One of my favorite gurus (I recommend reading everything he writes) is John Hagel. One concept he has promoted is the idea of "productive friction." When everyone agrees, nothing gets learned - its just a love fest. When people can't communicate because they speak very different languages (marketing v engineering) or because they vehemently disagree (pro-life/pro-choice), nothing gets learned - the sides just throw sound bites at each other. But the middle ground is where innovation happens. You want enough friction to get everyone's juices flowing but no so much that that they drown in these juices (terrible metaphor I know).
Another source is that diversity creates innovation. He defines diversity broadly (not just ethnicity/religion/gender).
So from a human factors point of view - we can imagine the team process of collaborative activity that causes productive friction. If the team members schema overlap completely, all collaboration does is reinforce existing schema component connections.

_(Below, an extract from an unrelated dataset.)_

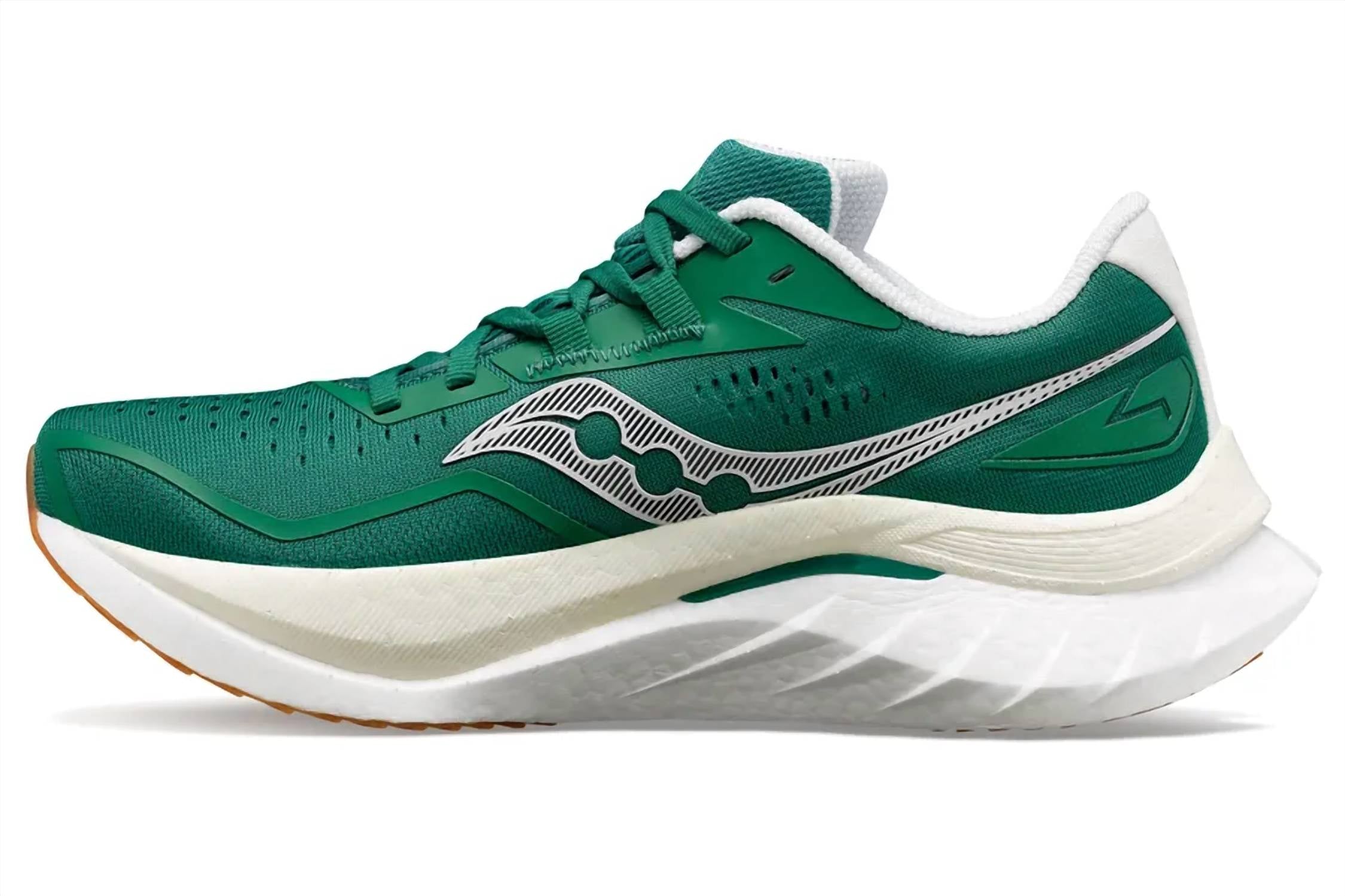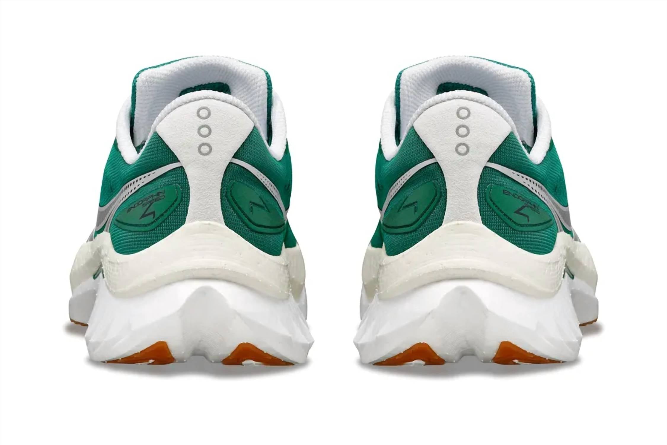 Workout in style with these adorable athletic sneakers. Experience race-day speed and long-distance comfort with the Women's Endorphin Speed 4 Running Shoes by Saucony. Designed for the road with an 8 mm heel-to-toe drop, these shoes feature a round toe and are perfect for the modern athleisure trend. The Verdant/white color pairs effortlessly with workout attire, while the revolutionary winged nylon plate, SPEEDROLL technology, and PWRRUN PB foam deliver cushioning and exceptional energy return. Suitable for summer fitness workouts, they offer moderate cushioning in a lightweight design weighing 8.2 oz for men and 7.2 oz for women.

When the schema
have no overlap, collaboration doesn't work because there are no common connections from which to share new ones. You may have had to take my course or be familiar with connectionist models to get my point fully, but basically I am trying to say that its easier to teach Spanish to someone who speaks Italian because there are so many words and grammar in common. But to teach him Chinese is much harder.
And we are not even getting into the decision making bias effects. If the person doesn't want to believe what you are selling, that adds exponential difficulty.